◆ **Problem**
Retype, word for word, the lines from the first line of the entries through the line that holds "Naklejka premium Young"; leave out the pictures.

Stored records

-- Opening Marker --

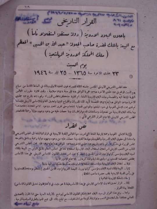وثيقة اعلان إستقلال المملكة الأردنية الهاشمية (وثيقة تاريخية)
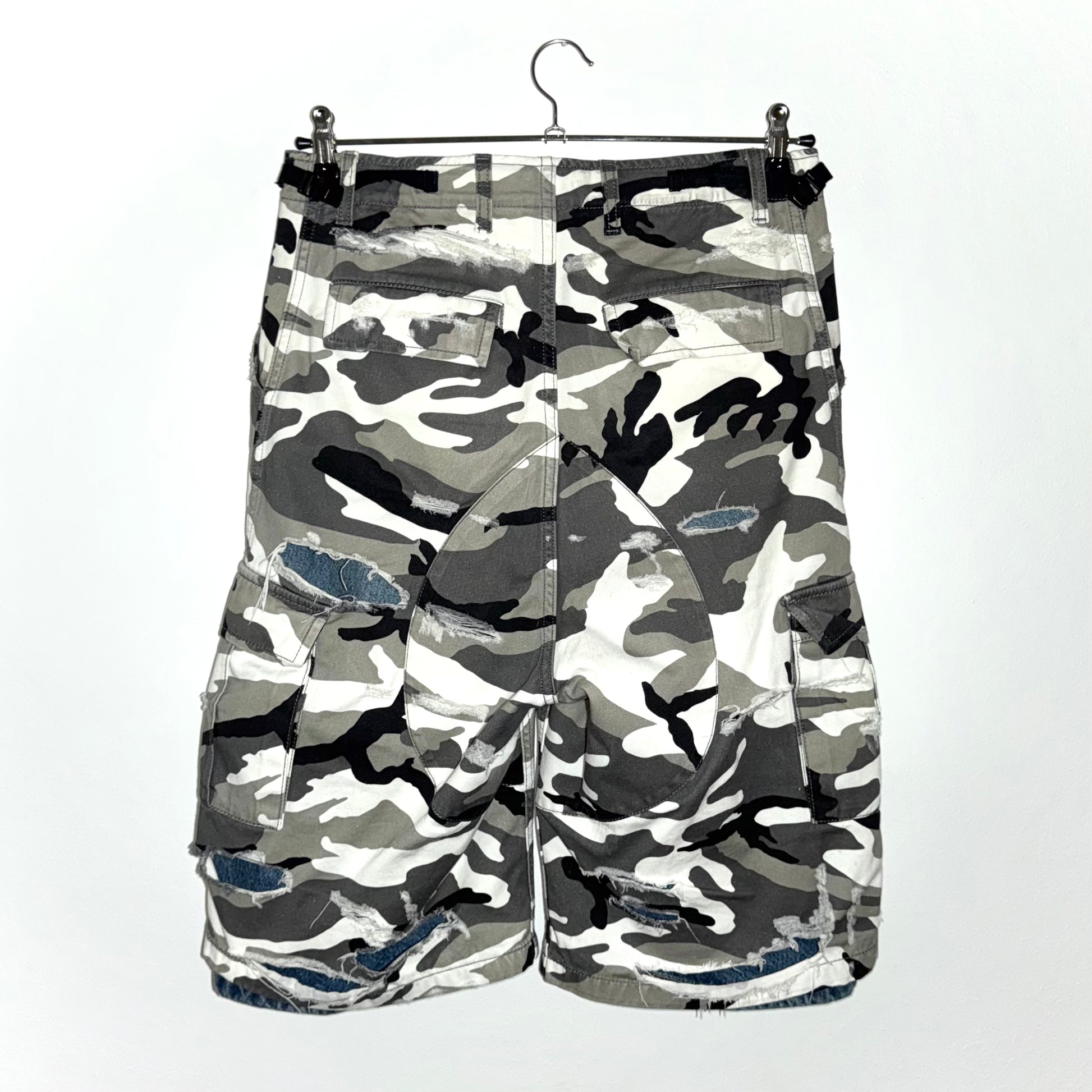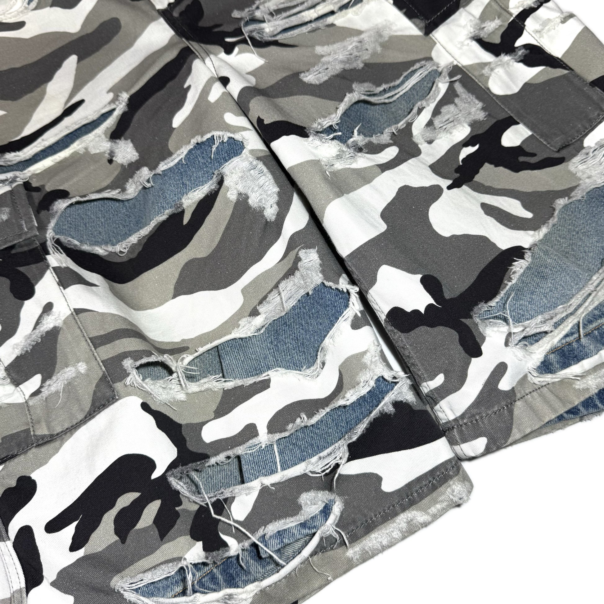 Beautiful snowcamo cargo shorts layered with blue denim jorts underneath. Total of four pockets and intentional distressing throughout, fan favorite piece from the FW21 "Afterworld" collection
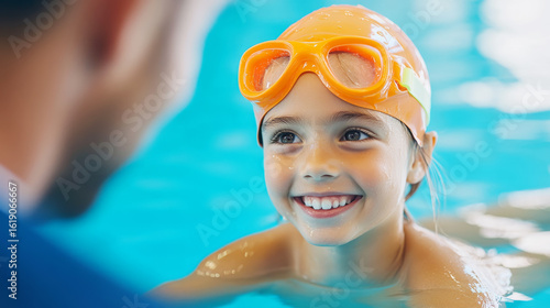 Naklejka premium Young girl embracing swimming techniques for fitness and fun
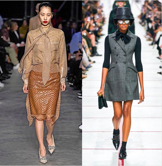 Банты на шее в моде уже не первый сезон. Их показали во многих показах: Balenciaga, Celine, Christian Dior, Elie Saab, Loewe и тд. Они с нами и в грядущем весенне-летнем сезоне. Мне эта тенденция прям по душе, потому что необязательно покупать блузу, а можно носить бант с любым верхом, хоть с рубашкой, хоть с джемпером. Поверх рубашки или любой блузы, при чем необязательно тон в тон. Поверх практически любой модели свитера. Сам же бант можно воссоздать, как из тонкого шарфика или скрутив квадратный, так и из толстой ленты из атласа или органзы, купленной в любом швейном магазине. Если шарфик цветной однотонный, то классно комбинировать его в монохроме (оттенки одного цвета) или с родственными оттенками: синий+зеленый, синий+фиолетовый (можно подсмотреть на цветовом круге цвета, они располагаются рядом друг с другом). А если хочется усилить сочетаемые цвета, то используйте контраст (на цветовом круге они находятся друг напротив друга). Если шарфик с принтом, то кофту выбирайте в любой
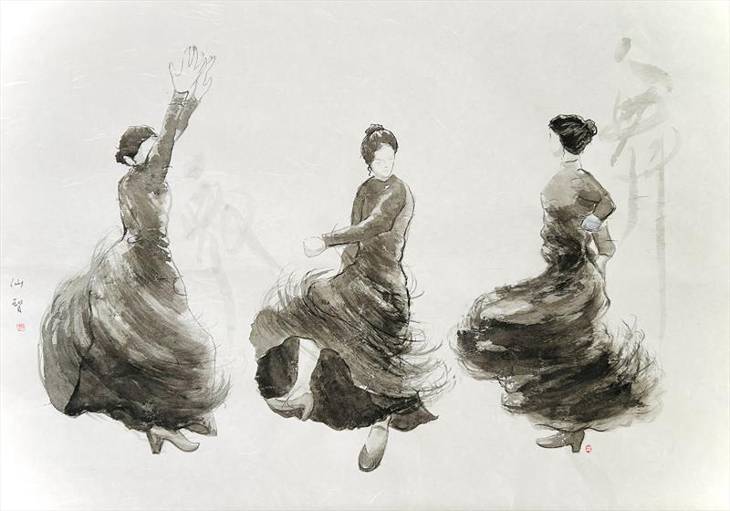 Flamenco Dance 22x31, Sumi-ink ,  $1200 by: Satomi Kamei Entry ID: 587586
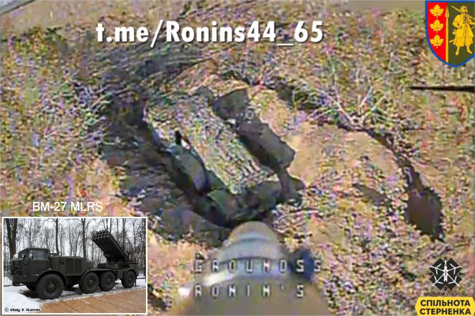 The Russian BM-27 is hit by a Ukrainian FPV drone 2 equipped with mortar ammunition. (Picture source: Ukrainian MoD)
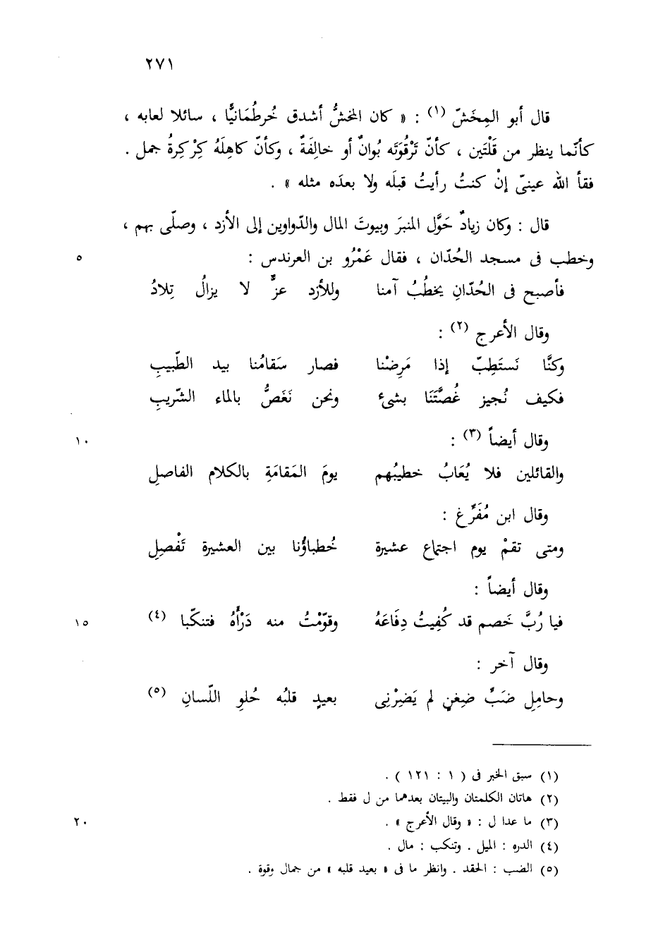وكان زياد حول المنبر وبيوت الاموال والدواوين الى الازد وصلى بهم وخطب في مسجد حدان فقال عمرو بن العرندس
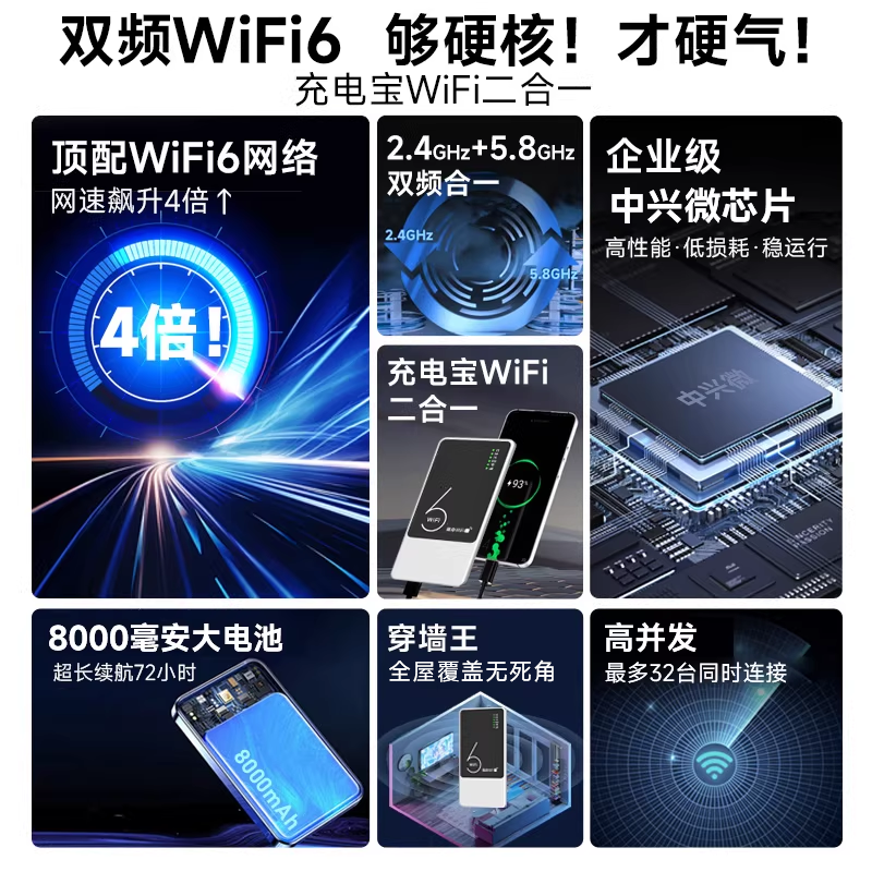 移动随身无线wifi2025新款充电宝二合一便携带无限4g流量上网卡无线网络随身wifi全国通用家用车载路由器热点

-- Closing Marker --

◆ **The answer**
وثيقة اعلان إستقلال المملكة الأردنية الهاشمية (وثيقة تاريخية)
 Beautiful snowcamo cargo shorts layered with blue denim jorts underneath. Total of four pockets and intentional distressing throughout, fan favorite piece from the FW21 "Afterworld" collection
 Naklejka premium Young girl embracing swimming techniques for fitness and fun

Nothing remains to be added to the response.